── Source data

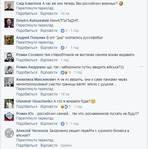 "В "ДНР" объявили блокаду России - запретили ввоз российских свиней", - написал в своем Facebook блогер Денис Казанский.
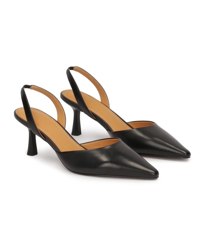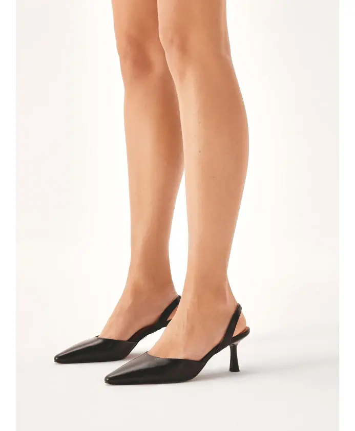 Черные кожаные туфли с вырезом сверху и открытым каблуком — это выражение класса, элегантности и функциональности в одном лице. Минималистичный дизайн и отсутствие застежек делают их идеальным выбором для активных женщин, ценящих изысканный стиль и комфорт. Верх из высококачественной лицевой кожи тонко подчеркивает стопу и придает легкости общему стилю. Черный цвет придает обуви вневременной характер и делает ее универсальным элементом делового дресс-кода. Подкладка из полуанилиновой овчины обеспечивает исключительный комфорт благодаря отличным свойствам поглощения влаги. Тонкая кожаная подошва отличается прочностью и эстетичным внешним видом.
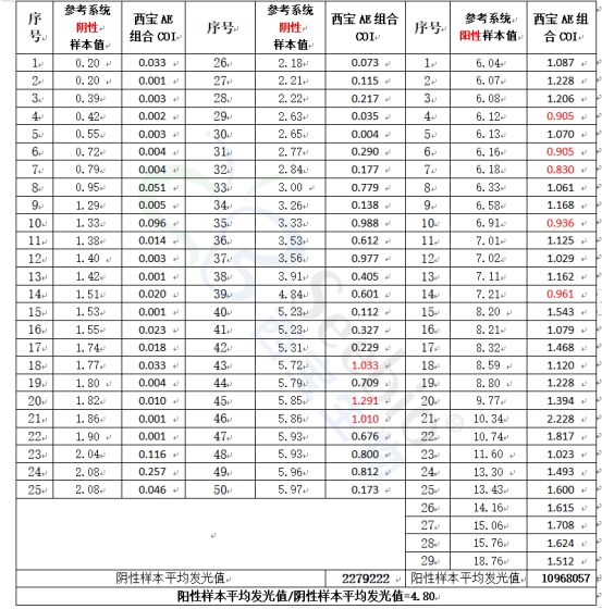 表1 西寶生物AE組合測試結(jié)果
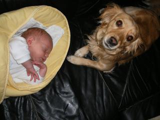 no mirka to tak vyzerá na tých fotkách, ale chlpáč je žiarlivka... Vždy ked začne Dominik plakať tak začne vyžadovať pozornosť aj on 😅

────

_Requirement_. Take the material above from its first line through the line that has "表1 西寶生物AE組合測試結(jié)果" and copy it exactly, without any pictures.

_Response to the exercise_.
 "В "ДНР" объявили блокаду России - запретили ввоз российских свиней", - написал в своем Facebook блогер Денис Казанский.
 Черные кожаные туфли с вырезом сверху и открытым каблуком — это выражение класса, элегантности и функциональности в одном лице. Минималистичный дизайн и отсутствие застежек делают их идеальным выбором для активных женщин, ценящих изысканный стиль и комфорт. Верх из высококачественной лицевой кожи тонко подчеркивает стопу и придает легкости общему стилю. Черный цвет придает обуви вневременной характер и делает ее универсальным элементом делового дресс-кода. Подкладка из полуанилиновой овчины обеспечивает исключительный комфорт благодаря отличным свойствам поглощения влаги. Тонкая кожаная подошва отличается прочностью и эстетичным внешним видом.
 表1 西寶生物AE組合測試結(jié)果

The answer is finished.